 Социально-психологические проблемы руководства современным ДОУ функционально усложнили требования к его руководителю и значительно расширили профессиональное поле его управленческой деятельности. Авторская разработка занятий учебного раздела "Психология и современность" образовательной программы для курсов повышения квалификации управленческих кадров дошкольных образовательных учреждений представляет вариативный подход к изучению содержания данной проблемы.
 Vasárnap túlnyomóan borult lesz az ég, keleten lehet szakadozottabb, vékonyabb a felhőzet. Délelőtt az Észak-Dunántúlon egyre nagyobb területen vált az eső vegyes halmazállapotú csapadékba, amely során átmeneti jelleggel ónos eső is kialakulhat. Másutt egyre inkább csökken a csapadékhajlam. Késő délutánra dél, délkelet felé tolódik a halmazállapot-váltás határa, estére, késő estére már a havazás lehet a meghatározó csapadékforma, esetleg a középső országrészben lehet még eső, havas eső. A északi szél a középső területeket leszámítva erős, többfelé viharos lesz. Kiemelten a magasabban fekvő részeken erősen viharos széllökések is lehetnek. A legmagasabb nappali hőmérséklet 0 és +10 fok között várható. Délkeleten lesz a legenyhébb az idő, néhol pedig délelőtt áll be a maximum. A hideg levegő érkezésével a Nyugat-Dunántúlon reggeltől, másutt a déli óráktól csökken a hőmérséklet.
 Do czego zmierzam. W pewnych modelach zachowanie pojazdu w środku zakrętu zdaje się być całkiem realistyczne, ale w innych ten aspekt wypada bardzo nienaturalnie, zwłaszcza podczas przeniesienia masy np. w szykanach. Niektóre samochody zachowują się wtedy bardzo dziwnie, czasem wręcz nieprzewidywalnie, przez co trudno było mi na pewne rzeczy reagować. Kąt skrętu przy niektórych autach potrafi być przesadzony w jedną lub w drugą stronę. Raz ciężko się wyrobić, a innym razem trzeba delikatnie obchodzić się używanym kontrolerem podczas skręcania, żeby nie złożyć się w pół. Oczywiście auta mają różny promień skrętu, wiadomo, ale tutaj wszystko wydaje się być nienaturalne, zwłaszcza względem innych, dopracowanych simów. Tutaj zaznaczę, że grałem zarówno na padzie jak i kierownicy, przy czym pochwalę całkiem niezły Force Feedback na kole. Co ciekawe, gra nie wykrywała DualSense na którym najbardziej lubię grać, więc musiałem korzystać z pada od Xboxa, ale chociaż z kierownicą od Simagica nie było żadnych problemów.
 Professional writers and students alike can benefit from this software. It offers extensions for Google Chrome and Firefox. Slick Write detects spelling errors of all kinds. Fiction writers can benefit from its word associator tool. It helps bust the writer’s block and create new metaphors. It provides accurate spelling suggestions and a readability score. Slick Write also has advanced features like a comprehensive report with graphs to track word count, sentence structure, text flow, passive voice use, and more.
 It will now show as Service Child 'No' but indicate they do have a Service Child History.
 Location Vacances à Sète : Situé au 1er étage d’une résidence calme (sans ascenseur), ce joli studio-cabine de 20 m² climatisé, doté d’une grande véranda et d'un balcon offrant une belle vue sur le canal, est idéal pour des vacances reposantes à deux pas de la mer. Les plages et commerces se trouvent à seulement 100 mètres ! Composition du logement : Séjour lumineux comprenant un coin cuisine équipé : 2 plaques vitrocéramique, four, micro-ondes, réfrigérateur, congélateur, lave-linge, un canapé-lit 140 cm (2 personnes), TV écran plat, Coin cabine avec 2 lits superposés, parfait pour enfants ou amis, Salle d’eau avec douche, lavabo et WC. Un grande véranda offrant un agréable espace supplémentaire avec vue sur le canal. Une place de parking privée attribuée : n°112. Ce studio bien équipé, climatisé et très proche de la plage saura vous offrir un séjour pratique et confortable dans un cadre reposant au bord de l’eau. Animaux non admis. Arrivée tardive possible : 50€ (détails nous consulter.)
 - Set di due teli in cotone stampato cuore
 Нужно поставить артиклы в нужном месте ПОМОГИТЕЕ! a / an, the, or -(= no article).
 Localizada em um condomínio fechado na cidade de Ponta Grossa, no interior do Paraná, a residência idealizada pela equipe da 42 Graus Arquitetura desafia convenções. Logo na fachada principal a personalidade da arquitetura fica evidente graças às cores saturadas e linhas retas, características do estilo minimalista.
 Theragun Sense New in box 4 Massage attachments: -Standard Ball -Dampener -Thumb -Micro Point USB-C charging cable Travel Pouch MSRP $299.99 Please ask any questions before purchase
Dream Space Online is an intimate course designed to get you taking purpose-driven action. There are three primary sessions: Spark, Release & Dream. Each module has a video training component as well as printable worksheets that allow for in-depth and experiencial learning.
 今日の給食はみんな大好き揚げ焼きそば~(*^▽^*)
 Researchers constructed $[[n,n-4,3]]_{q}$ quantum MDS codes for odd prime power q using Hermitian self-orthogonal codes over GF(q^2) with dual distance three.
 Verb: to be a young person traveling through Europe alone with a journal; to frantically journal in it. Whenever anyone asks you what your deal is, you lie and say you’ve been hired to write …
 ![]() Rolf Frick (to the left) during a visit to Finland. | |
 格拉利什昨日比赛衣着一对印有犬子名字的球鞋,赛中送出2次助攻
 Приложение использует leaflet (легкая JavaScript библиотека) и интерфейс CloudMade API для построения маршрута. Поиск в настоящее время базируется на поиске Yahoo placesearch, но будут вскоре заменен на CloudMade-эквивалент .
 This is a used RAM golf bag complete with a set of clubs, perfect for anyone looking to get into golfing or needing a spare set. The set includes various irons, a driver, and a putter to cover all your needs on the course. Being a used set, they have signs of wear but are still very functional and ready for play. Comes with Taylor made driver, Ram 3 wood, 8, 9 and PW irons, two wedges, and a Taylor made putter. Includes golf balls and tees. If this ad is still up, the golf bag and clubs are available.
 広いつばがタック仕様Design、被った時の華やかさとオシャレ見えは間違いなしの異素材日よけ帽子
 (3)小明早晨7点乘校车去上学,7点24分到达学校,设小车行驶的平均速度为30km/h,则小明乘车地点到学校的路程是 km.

────────────────

### Exercise brief
Restate word for word the entries above from the line with "今日の給食はみんな大好き揚げ焼きそば~(*^▽^*)" through the line with "dual distance three.", inclusive, leaving out everything else.

### Task response
 今日の給食はみんな大好き揚げ焼きそば~(*^▽^*)
 Researchers constructed $[[n,n-4,3]]_{q}$ quantum MDS codes for odd prime power q using Hermitian self-orthogonal codes over GF(q^2) with dual distance three.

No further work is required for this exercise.